A strategy that would allow honeybee breeders to overcome the low heritability without capitulating to a tiered breeding system is to use an assay that better predicts genotype. Not all assays for hygienic behaviour are equally as heritable (Boecking et al. 2000). Our results, for example, demonstrated that the heritability of a 24-h assay was lower than that of a 48-h assay, suggesting at least for the base population, the 48-h assay offered more opportunity for genetic improvement. Furthermore, the heritability of other colony-level behavioural traits can vary considerably depending of environmental conditions, sometimes differing dramatically between different days of testing (Moritz et al. 1987). The freeze-killed assay might be improved by conducting the tests at a period when heritability is higher or by increasing the number of successive times the colony is assayed. In the latter case, however, our results suggest that two rounds of testing are adequate as these rounds were moderately repeatable. Another approach would be to substitute the freeze-killed assay for an assay that detects the presence of genetic markers associated with the genes responsible for hygienic behaviour. At present, no markers have been identified that are unambiguously associated with the trait, although great strides have been made towards the identification of quantitative trait loci (QTL) associated with the genetic variation in hygienic behaviour. Recently, three QTLs were identified that could account for up to half the genetic variance in typical populations (Oxley et al. 2010). The continued search for these markers, however, is likely to progress particularly in light of the characterization of new single-nucleotide polymorphisms (HBGSC 2006) and high-throughput identification of proteins (Chan et al. 2009).
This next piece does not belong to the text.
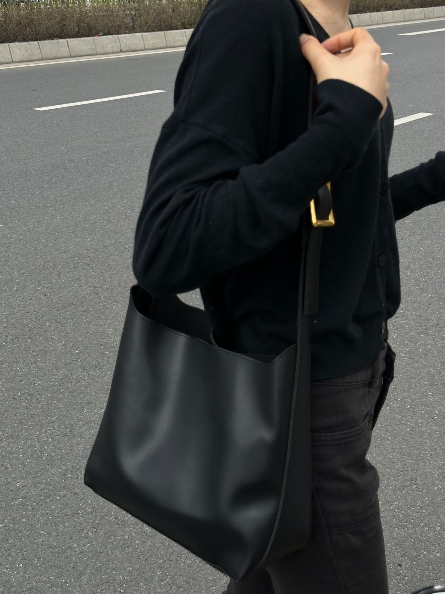 Handbag: New fashionable and versatile bucket, large-capacity, simple and casual two-piece soft collapse one-shoulder crossbody bag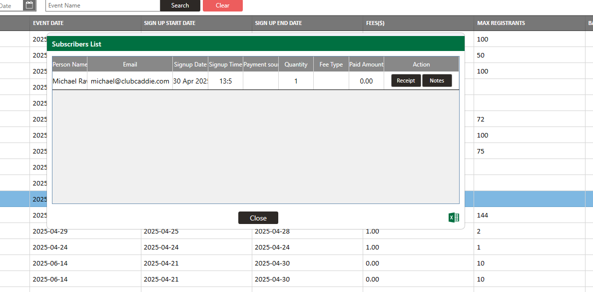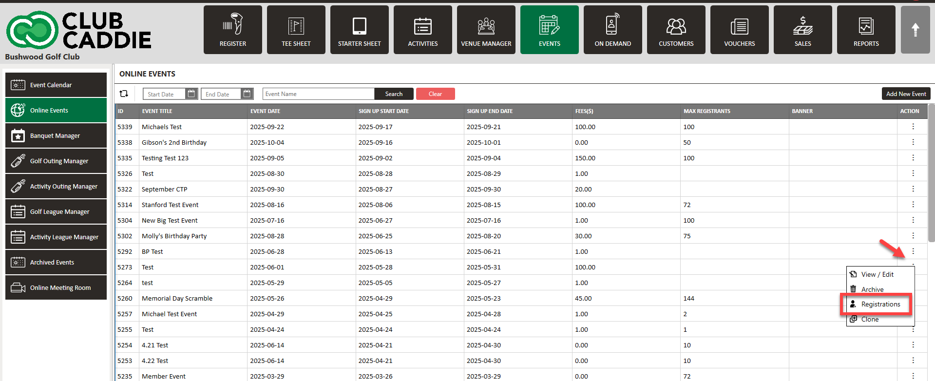 Step 2: From here, navigate to the right side of the screen where you will click on Action (three dots) on the line of the event you'd like to choose. Then click on Registrations. The window will show details of customers who have booked the event. Details that are given: Name, Email, Signup Date, Payment Source, Quantity, Paid Amount, and Notes.

Given the low heritability of hygienic behaviour, it may be useful for researchers to search for other AFB-resistance traits with higher heritability. There are a number of other traits for AFB resistance whose heritability is unknown (Spivak and Gilliam 1998a). There is reason to suspect that at least one of these traits is heritable given the rapid success realised in breeding for AFB resistance in the USA between 1935 and 1949 (reviewed by Rothenbuhler 1958; and Spivak and Gilliam 1998a). The hypothesis that other AFB-resistant traits are equally heritable as hygienic behaviour can be evaluated using an experimental design previously used to estimate the relative heritability of traits conferring resistance to V. destructor (Harbo and Harris 1999). In light of the challenges of breeding for hygienic behaviour, a re-examination of the heritability of other traits may make the propagation of AFB-resistant stock a more achievable prospect for bee breeders, particular those who rely on open-mating.